Date of Award


Degree Name

MS in Civil and Environmental Engineering


Civil and Environmental Engineering


Robb Moss


Soil liquefaction, or loss of strength due to excess pore water pressures generated during dynamic loading, is a main cause of damage during earthquakes. When a soil liquefies (referred to as triggering), it may lose its ability to support overlying structures, deform vertically or laterally, or cause buoyant uplift of buried utilities. Empirical liquefaction models, used to predict liquefaction potential based upon in-situ soil index property measurements and anticipated level of seismic loading, are the standard of practice for assessing liquefaction triggering. However, many current models do not incorporate predictor variable uncertainty or do so in a limited fashion. Additionally, past model creation and validation lacks the same rigor found in predictive modeling in other fields.

This study examines the details of creating and validating an empirical liquefaction model, using the existing worldwide cone penetration test liquefaction database. Our study implements a logistic regression within a Bayesian measurement error framework to incorporate uncertainty in predictor variables and allow for a probabilistic interpretation of model parameters. Our model is built using a hierarchal approach account for intra-event correlation in loading variables and differences in event sample sizes that mirrors the random/mixed effects models used in ground motion prediction equation development. The model is tested using an independent set of case histories from recent New Zealand earthquakes, and performance metrics are reported.

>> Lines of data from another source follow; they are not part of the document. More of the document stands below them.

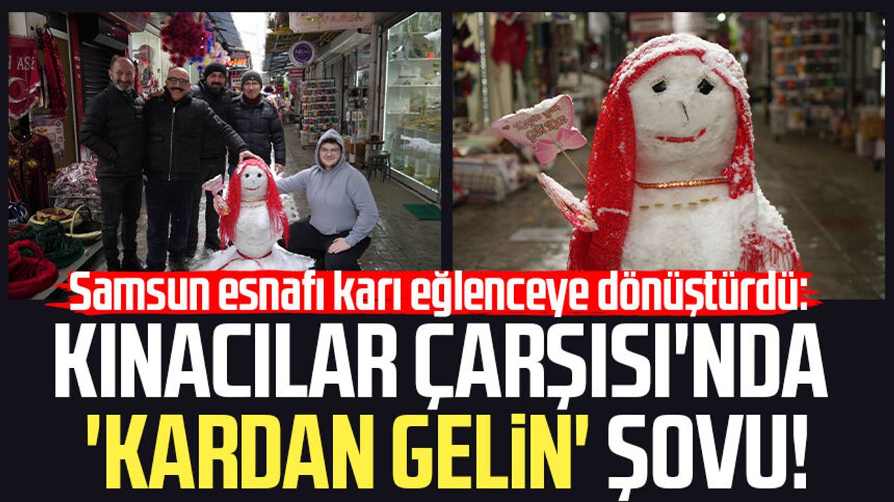Dört gündür yoğun kar yağışı etkisi altında kalan Samsun'da esnaf durumu eğlenceye çevirdi. İlkadım ilçesinde Kınacılar Çarşısı olarak bilinen arastada esnaf, 30 santim kalınlığına dayanan kar yağışını fırsat bilerek kardan gelin yaptı. Gelini 5'i bir yerde, bel kuşağı, duvak ve diğer eşyalarla kına gecesine hazırlayan esnafın kardan gelini, görenleri hem güldürdü hem de ilgisini çekti. Ayrıca kardan gelinin eline tutuşturulan "Kaptı gül gibi kızı" yazısı da dikkat çekti. Kardan gelini gören vatandaşlar özçekim yapmadan yanından ayrılmadı.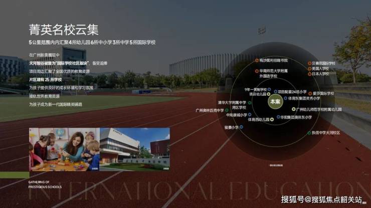 越秀观樾高度重视教育配套建设,项目自配 15 班幼儿园和 24 班小学,其中 24 班小学引进广州天河外国语教育集团合作办学,为业主子女提供优质的教育资源。广州天河外国语学校自 2012 年 4 月创办以来,迅速成长为广州优质教育品牌,同时享有北京大学大学先修课程实施学校、广州市教育工作先进集体等多项称号,教学质量有口皆碑。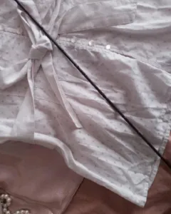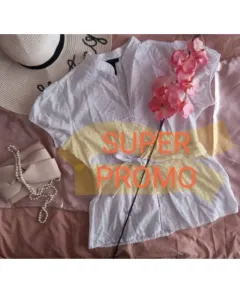 4 PRENDAS X 300. Blusa blanca básica se ajusta a l cintura, manga corta, tiene estampado de puntos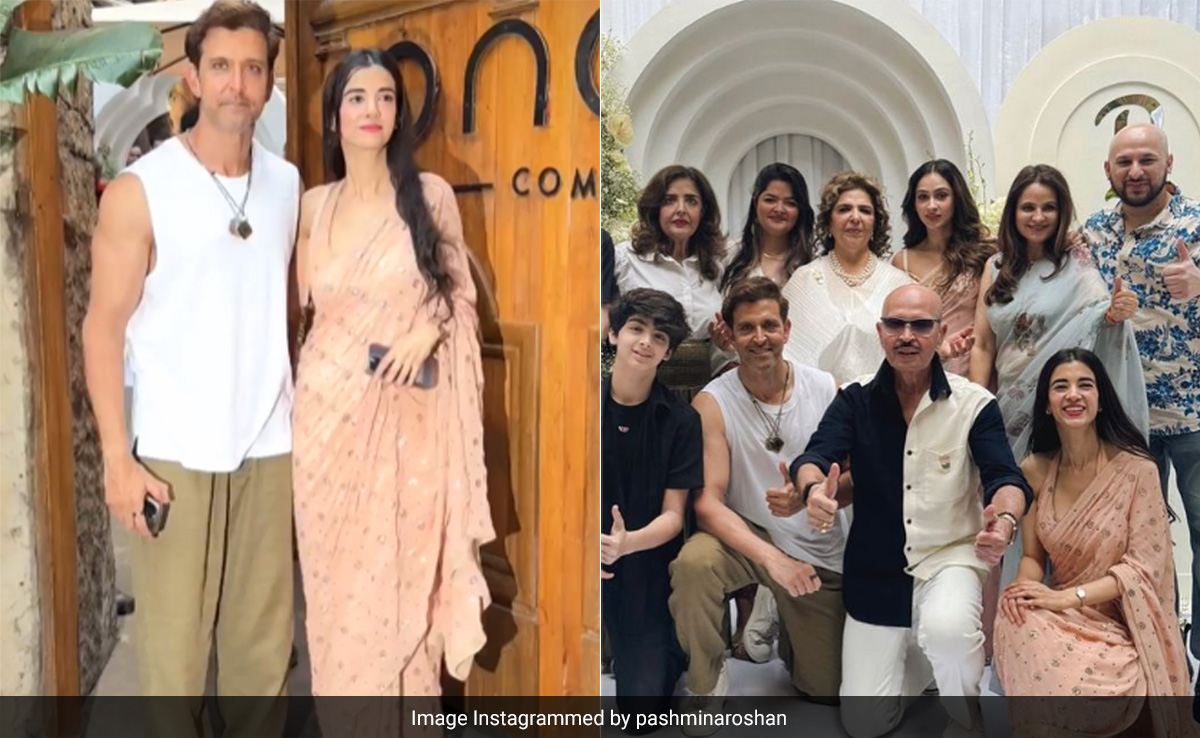 Hrithik Roshan's mother Pinkie Roshan celebrated her 70th birthday on Sunday with her family. Hrithik Roshan's plus one for the festivities was girlfriend and actor Saba Azad. The couple were pictured together while making an exit out of a Mumbai eatery. They happily posed for the paparazzi stationed there. Meanwhile, Hrithik's cousin Pashmina shared a family photo that features Hrithik, Hrehaan, Hridhaan, Rakesh Roshan, Rajesh Roshan, Kanchan Roshan, Eshaan, Pashmina Roshan, Sunaina Roshan and Suranika. Saba Azad also features in the photo.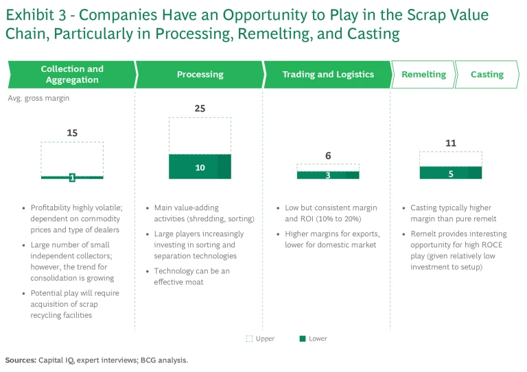 While recycling partly addresses the industry’s problems, companies will have to solve the problem of limited scrap availability worldwide. They will also need to identify attractive opportunities within the scrap value chain to make setting up the infrastructure worthwhile. We’ve found that value creation differs widely depending on the activity. Scrap processing (with average gross margins of 10% to 25%) and remelting and casting (with margins of 5% to 11%) are the most attractive from a margin perspective. (See Exhibit 3.) To compete effectively in scrap processing, players will need to invest in advanced sorting technologies. In the remelting and casting segments, casting offers players higher profit margins, but remelting can provide good returns on capital employed because of the low investment requirements.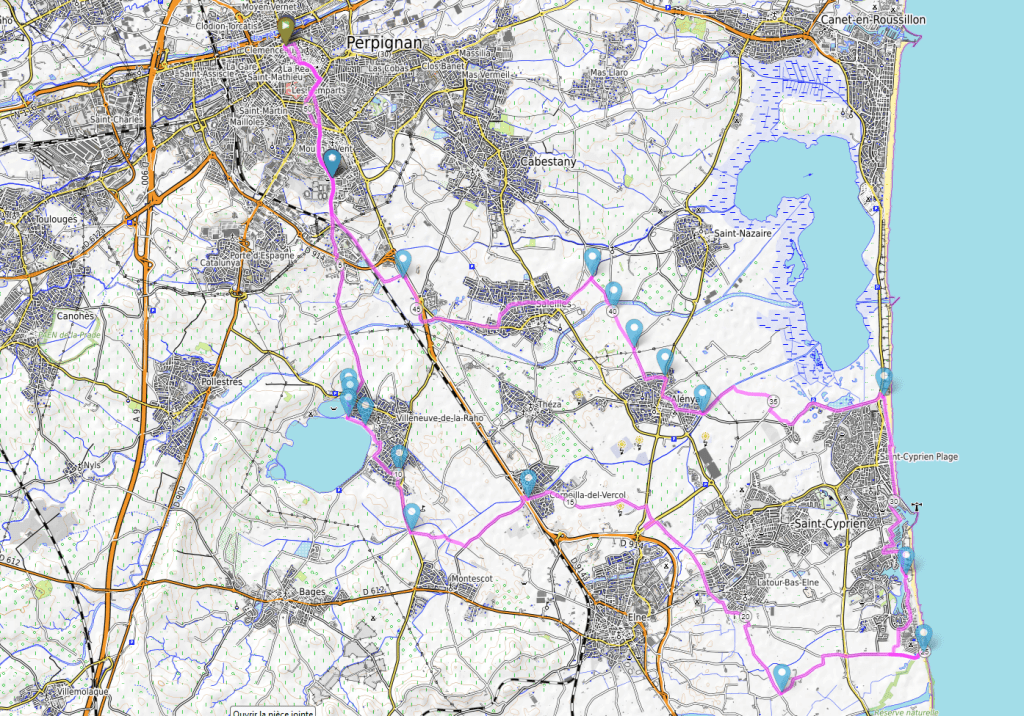 Itinéraire essentiellement plat, par pistes cyclables, chemin et routes peu fréquentées.

We found that a Bayesian measurement error model considering two predictor variables, qc,1 and CSR, decreases model uncertainty while maintaining predictive utility for new data. Two forms of model uncertainty were considered – the spread of probabilities predicted by mean values of regression coefficients (apparent uncertainty) and the standard deviations of the predictive distributions from fully probabilistic inference. Additionally, we found models considering friction ratio as a predictor variable performed worse than the two variable case and will require more data or informative priors to be adequately estimated.